References to the vehicle computer and data interface 802 as used
herein include such executable instructions.
[0109] In various embodiments, the transceiver 212 may have a
physical form that is capable of coupling to a data port of vehicle
systems 800. Such a transceiver 212 may also include a plurality of
interfaces, such as an RS-232 interface 818 and/or a CAN-bus
interface 820. In various embodiments, the RS-232 interface 818 or
CAN-bus interface 820 may enable the transceiver 212 to communicate
with the vehicle computer and data interface 802 through the data
port. Also, the transceiver may be or comprise an additional
interface (not shown) capable of engaging in wireless communication
with a data interface 820 of the charging component 214. The
wireless communication may be of any form known in the art, such as
radio frequency (RF) communication (e.g., Zigbee, and/or
Bluetooth.TM. communication). In other embodiments, the transceiver
may comprise a separate conductor or may be configured to utilize a
powerline 208 to communicate with charging component 214. In yet
other embodiments, not shown, transceiver 212 may simply be a radio
frequency identification (RFID) tag capable of storing minimal
information about the electric resource 112, such as a resource
identifier, and of being read by a corresponding RFID reader of
charging component 214. In such other embodiments, the RFID tag may
not couple with a data port or communicate with the vehicle
computer and data interface 802.
[0110] As shown, the charging component 214 may be an intelligent
plug device that is physically connected to a charging medium, such
as a powerline 208 (the charging medium coupling the charging
component 214 to the electric resource 112) and an outlet of a
power grid (such as the wall outlet 204 shown in FIG. 2B). In other
embodiments charging component 214 may be a charging station or
some other external control. In some embodiments, the charging
component 214 may be portable.
[0111] In various embodiments, the charging component 214 may
include components that interface with AC power from the grid 114,
such as a powerline communicator, for example an
Ethernet-over-powerline bridge 120, and a current or
current/voltage (power) sensor 808, such as a current sensing
transformer.
[0112] In other embodiments, the charging component 214 may include
a further Ethernet plug or wireless interface in place of bridge
120. In such an embodiment, data-over-powerline communication is
not necessary, eliminating the need for a bridge 120. The Ethernet
plug or wireless interface may communicate with a local access
point, and through that access point to flow control server
106.
[0113] The charging component 214 may also include Ethernet and
information processing components, such as a processor 810 or
microcontroller and an associated Ethernet media access control
(MAC) address 812; volatile random access memory 814, nonvolatile
memory 816 or data storage, a data interface 826 for communicating
with the transceiver 212, and an Ethernet physical layer interface
822, which enables wiring and signaling according to Ethernet
standards for the physical layer through means of network access at
the MAC/Data Link Layer and a common addressing format. The
Ethernet physical layer interface 822 provides electrical,
mechanical, and procedural interface to the transmission
medium--i.e., in one implementation, using the
Ethernet-over-powerline bridge 120. In a variation, wireless or
other communication channels with the Internet 104 are used in
place of the Ethernet-over-powerline bridge 120.
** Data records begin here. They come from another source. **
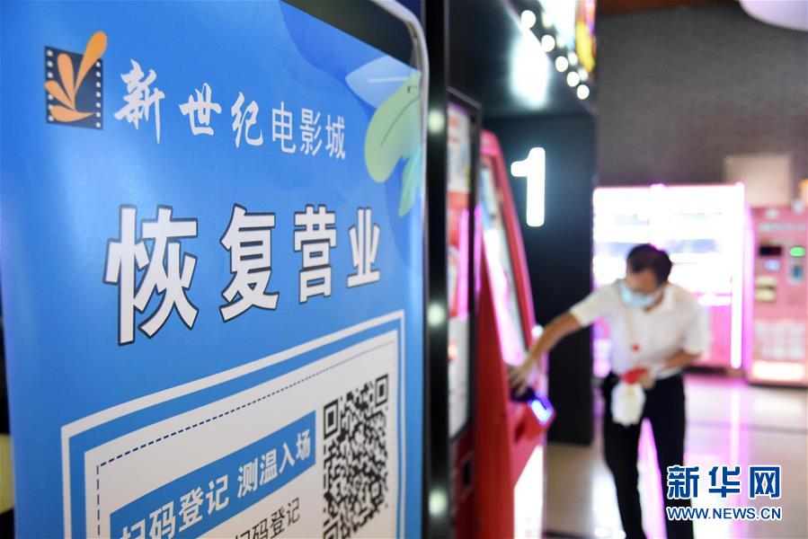 7月20日,濟(jì)南新世紀(jì)電影城陽(yáng)光100店的員工在對(duì)影院設(shè)施進(jìn)行消殺。當(dāng)日,山東濟(jì)南市部分電影院在嚴(yán)格防控疫情的基礎(chǔ)上陸續(xù)恢復(fù)開放。新華社記者王凱攝
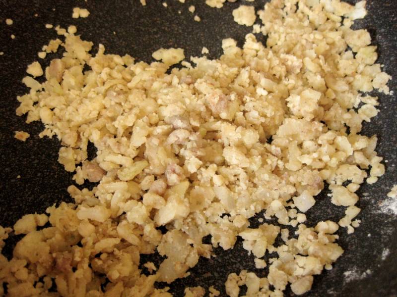 На образовавшемся от колбасок жире обжарить измельченный лук в течение минуты. Добавить муку и спассеровать.
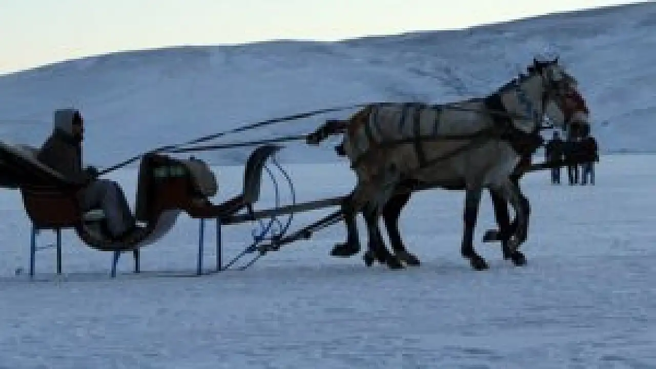 Doğu Anadolu Bölgesi'nin ikinci büyük gölü olan ve yüzeyi tamamen buzla kaplanan Çıldır Gölü'nde gezinmek isteyen yerli ve yabancı turistler, atlı kızaklara binerek göl üzerinde kızak yapma keyfi yaşıyor.
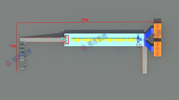 需要烘干的山药会经过上料输送机均匀地送入烘干主机内部,会在连续式山药干烘干机内部多层不锈钢网带的传送下,循环翻转,与此同时,热源提供的热量,会在引风机的作用下,以热风的形式进入网带式烘干主机底部,热风会自下而上的逐层穿过不锈钢网带山药层,带走其中的水分,从烘干主机顶部排出,达到烘干山药的效果。
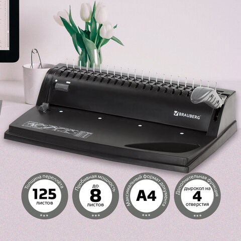 Переплетная машина для пластиковой пружины BRAUBERG B8, пробивает до 8 листов, сшивает до 125 листов, 530958
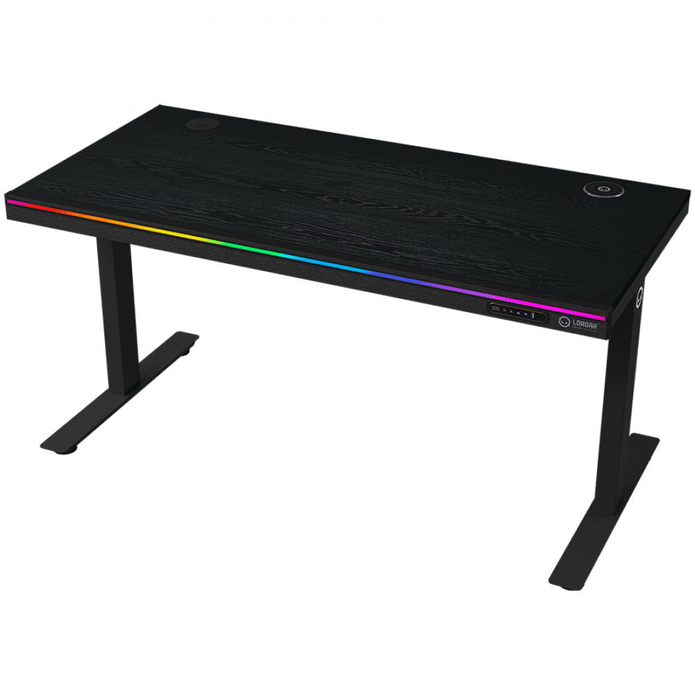 април 1, 2026Dual-motor sit/stand adjustable-height gaming desk with wireless charger, RGB lighting, control panel, and USB ports, PB melamine surface tabletop, black.

[0114] The charging component 214 may also include a bidirectional
power flow meter 824 that tracks power transfer to and from each
electric resource 112, in this case the battery bank 202 of an
electric vehicle 200.
[0115] Further, in some embodiments, the charging component 214 may
comprise an RFID reader to read the electric resource information
from transceiver 212 when transceiver 212 is an RFID tag.
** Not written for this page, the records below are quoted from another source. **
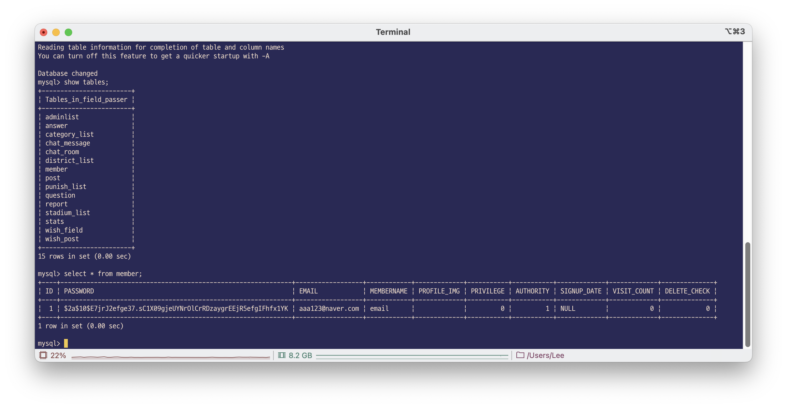 회원가입을 시도하니까 DB에 회원 정보가 저장된 것을 확인할 수 있습니다.
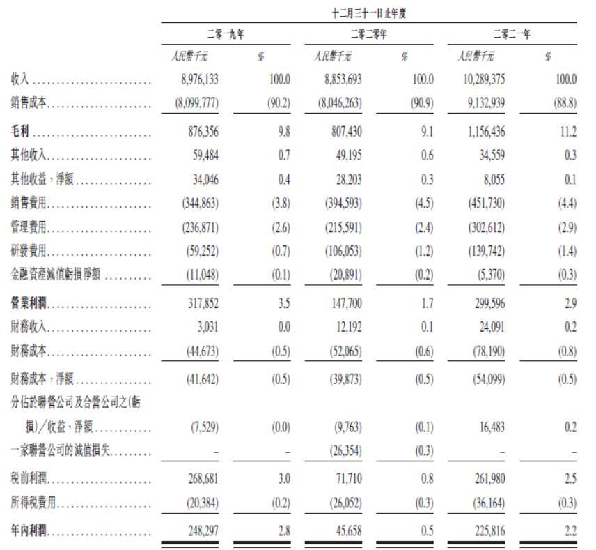 查阅百果园招股书,《投资时报》研究员注意到,2019年、2020年及2021年(下称报告期),百果园营业收入不断增加,在2021年甚至突破百亿。然而,该公司净利润率尚不及3%,依靠加盟模式极速扩张也使得公司内部管理压力较大。
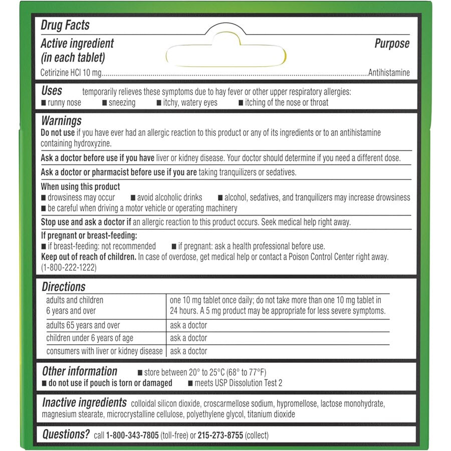 Get 24-hour relief from allergy symptoms caused by ragweed, tree pollen, dust mites, pet dander hay fever and other upper respiratory allergies with Zyrtec Allergy Relief Medicine Tablets. With 10 milligrams of the antihistamine cetirizine hydrochloride per tablet, this prescription-strength allergy relief medicine provides 24 hours of relief from common symptoms of allergies including runny nose, sneezing, itchy, watery eyes, and itching of the nose or throat. From the #1 allergist-recommended brand among OTC oral antihistamines, these all-day anti-allergy tablets effectively treat indoor allergies caused by dust, mold, and pet dander, as well as outdoor seasonal allergies from tree pollen, weeds, and grasses.

[0116] Also, in various embodiments, the charging component 214 may
include a credit card reader to enable a user to identify the
electric resource 112 by providing credit card information. In such
an embodiment, a transceiver 212 may not be necessary.
[0117] Additionally, in one embodiment, the charging component 214
may include a user interface, such as one of the user interfaces
described in greater detail below.
[0118] Implementations of the charging component 214 can enable
functionality including: [0119] executing pre-programmed or learned
behaviors when the electric resource 112 is offline (not connected
to Internet 104, or service is unavailable); [0120] storing
locally-cached behavior profiles for "roaming" connectivity (what
to do when charging on a foreign system or in disconnected
operation, i.e., when there is no network connectivity); [0121]
allowing the user to override current system behavior; and [0122]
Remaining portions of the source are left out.